At the moment, there’s something of a rupture between generations of anarchism: between those whose political formation took place in the 60s and 70s — and who often still have not shaken the sectarian habits of the last century — or simply still operate in those terms, and younger activists much more informed, among other elements, by indigenous, feminist, ecological and cultural-critical ideas. The former organize mainly through highly visible Anarchist Federations like the IWA, NEFAC or IWW. The latter work most prominently in the networks of the global social movement, networks like Peoples Global Action, which unites anarchist collectives in Europe and elsewhere with groups ranging from Maori activists in New Zealand, fisherfolk in Indonesia, or the Canadian postal workers’ union[2]. The latter — what might be loosely referred to as the “small-a anarchists”, are by now by far the majority. But it is sometimes hard to tell, since so many of them do not trumpet their affinities very loudly. There are many, in fact, who take anarchist principles of anti-sectarianism and open-endedness so seriously that they refuse to refer to themselves as ‘anarchists’ for that very reason[3].

But the three essentials that run throughout all manifestations of anarchist ideology are definitely there — anti-statism, anti-capitalism and prefigurative politics (i.e. modes of organization that consciously resemble the world you want to create. Or, as an anarchist historian of the revolution in Spain has formulated “an effort to think of not only the ideas but the facts of the future itself”.[4] This is present in anything from jamming collectives and on to Indy media, all of which can be called anarchist in the newer sense.[5] In some countries, there is only a very limited degree of confluence between the two coexisting generations, mostly taking the form of following what each other is doing — but not much more.

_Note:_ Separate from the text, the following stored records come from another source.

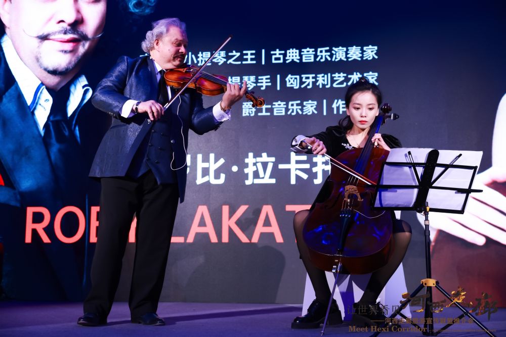 活動現(xiàn)場,張掖、武威、金昌、酒泉、嘉峪關(guān)5市分別展示當(dāng)?shù)氐奈幕糜钨Y源,呈現(xiàn)地方特色節(jié)目,并與甘肅省簡牘博物館共同發(fā)布“通關(guān)簡牘”,發(fā)出邀請“讓世界走進(jìn)河西走廊”。結(jié)合了甘肅特色的各類文藝表演、世界知名小提琴大師羅比·拉卡托斯以及羅馬尼亞藝術(shù)家們帶來的精彩節(jié)目也在活動現(xiàn)場演出。
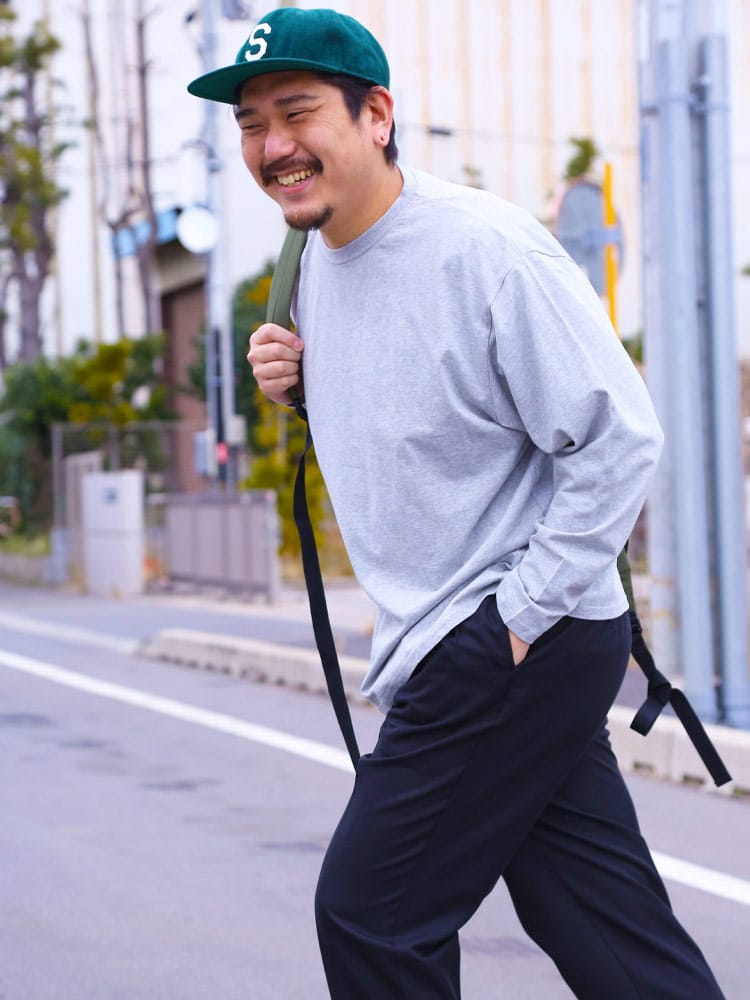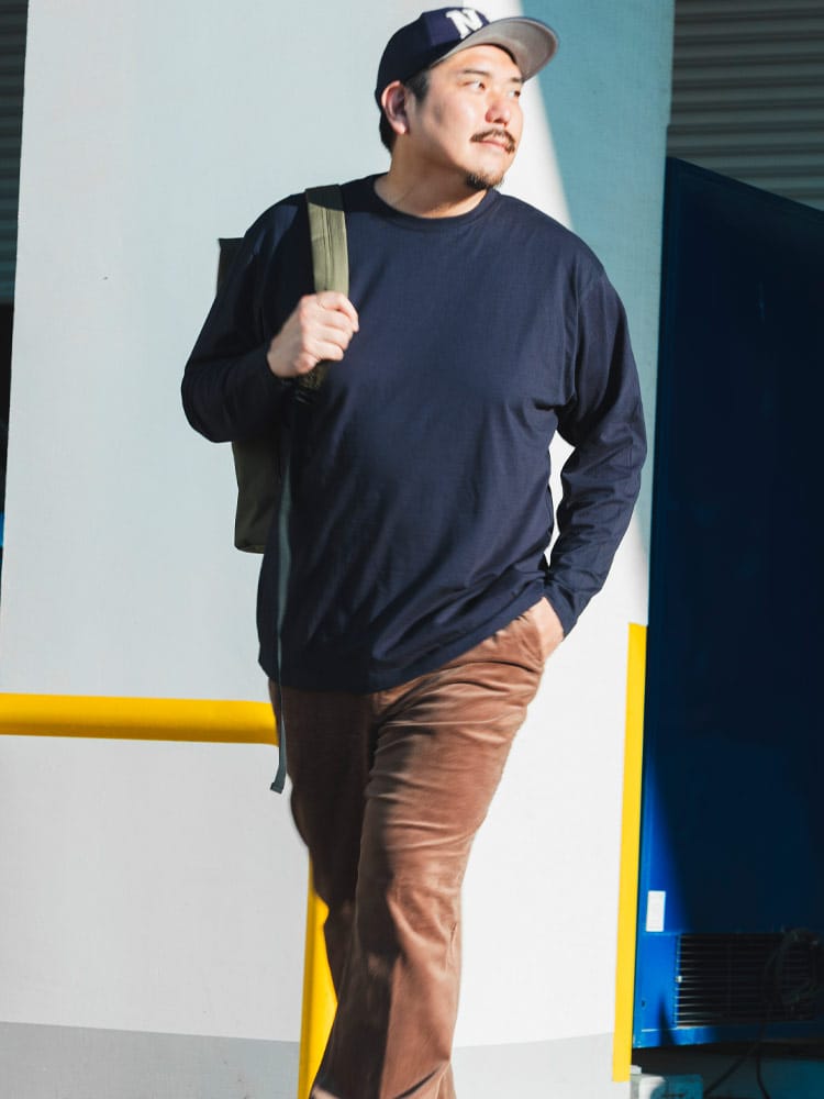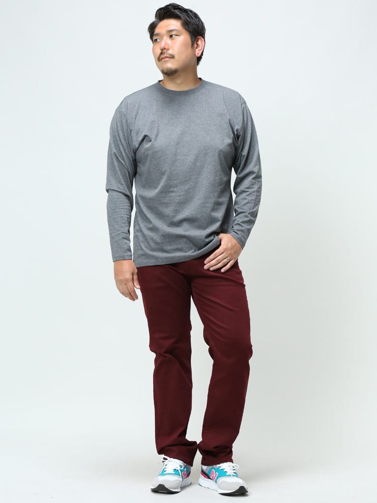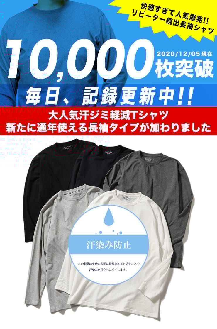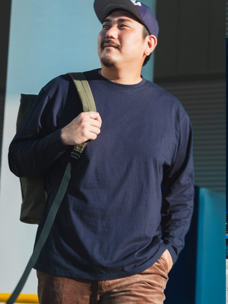 無地のシンプルなデザインが魅力のクルーネック 長袖 Tシャツ。首元は定番のクルーネックデザイン。生地の表面に特殊な加工を施すことで汗染みを目立ちにくくする汗染み軽減加工を施しています。スタンダードなルックで一枚あると何かと便利なおすすめのアイテムです。
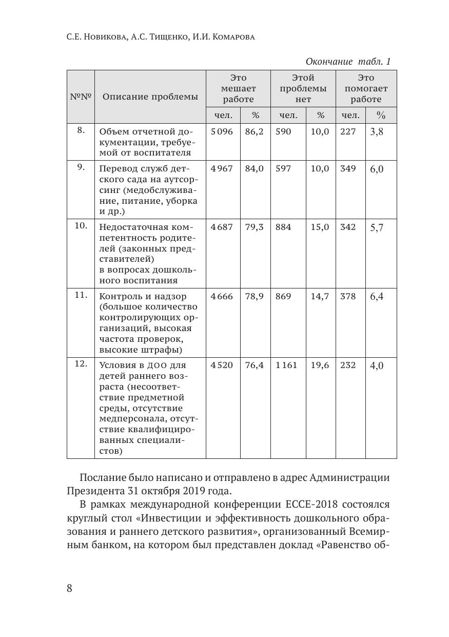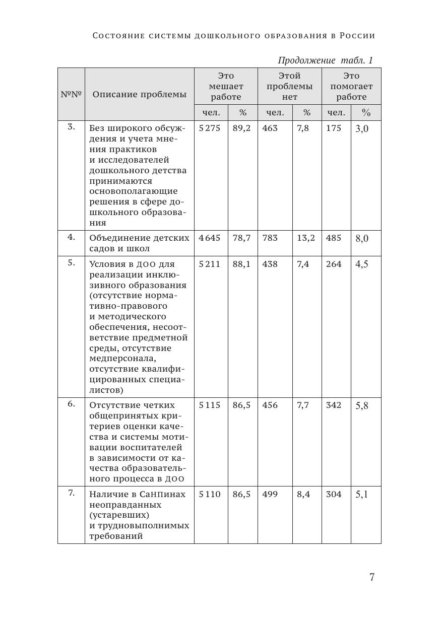 В ходе исследования были собраны данные относительно широкого круга проблем и аспектов функционирования ДОО: переполненность групп, недостаточная профессиональная подготовка для надлежащей работы в ДОО, несоответствие предметно-развивающей среды потребностям для реализации образовательных программ и необходимость в дополнительных расходах на ее обеспечение, отсутствие условий для детей раннего возраста, для реализации инклюзивного образования, наличие существенной нагрузки по формированию отчетности о деятельности дошкольной образовательной организации и др.

One reason is that the new generation is much more interested in developing new forms of practice than arguing about the finer points of ideology. The most dramatic among these have been the development of new forms of decision-making process, the beginnings, at least, of an alternate culture of democracy. The famous North American spokescouncils, where thousands of activists coordinate large-scale events by consensus, with no formal leadership structure, are only the most spectacular.

Actually, even calling these forms “new” is a little bit deceptive. One of the main inspirations for the new generation of anarchists are the Zapatista autonomous municipalities of Chiapas, based in Tzeltal or Tojolobal — speaking communities who have been using consensus process for thousands of years — only now adopted by revolutionaries to ensure that women and younger people have an equal voice. In North America, “consensus process” emerged more than anything else from the feminist movement in the ’70s, as part of a broad backlash against the macho style of leadership typical of the ’60s New Left. The idea of consensus itself was borrowed from the Quakers, who again, claim to have been inspired by the Six Nations and other Native American practices.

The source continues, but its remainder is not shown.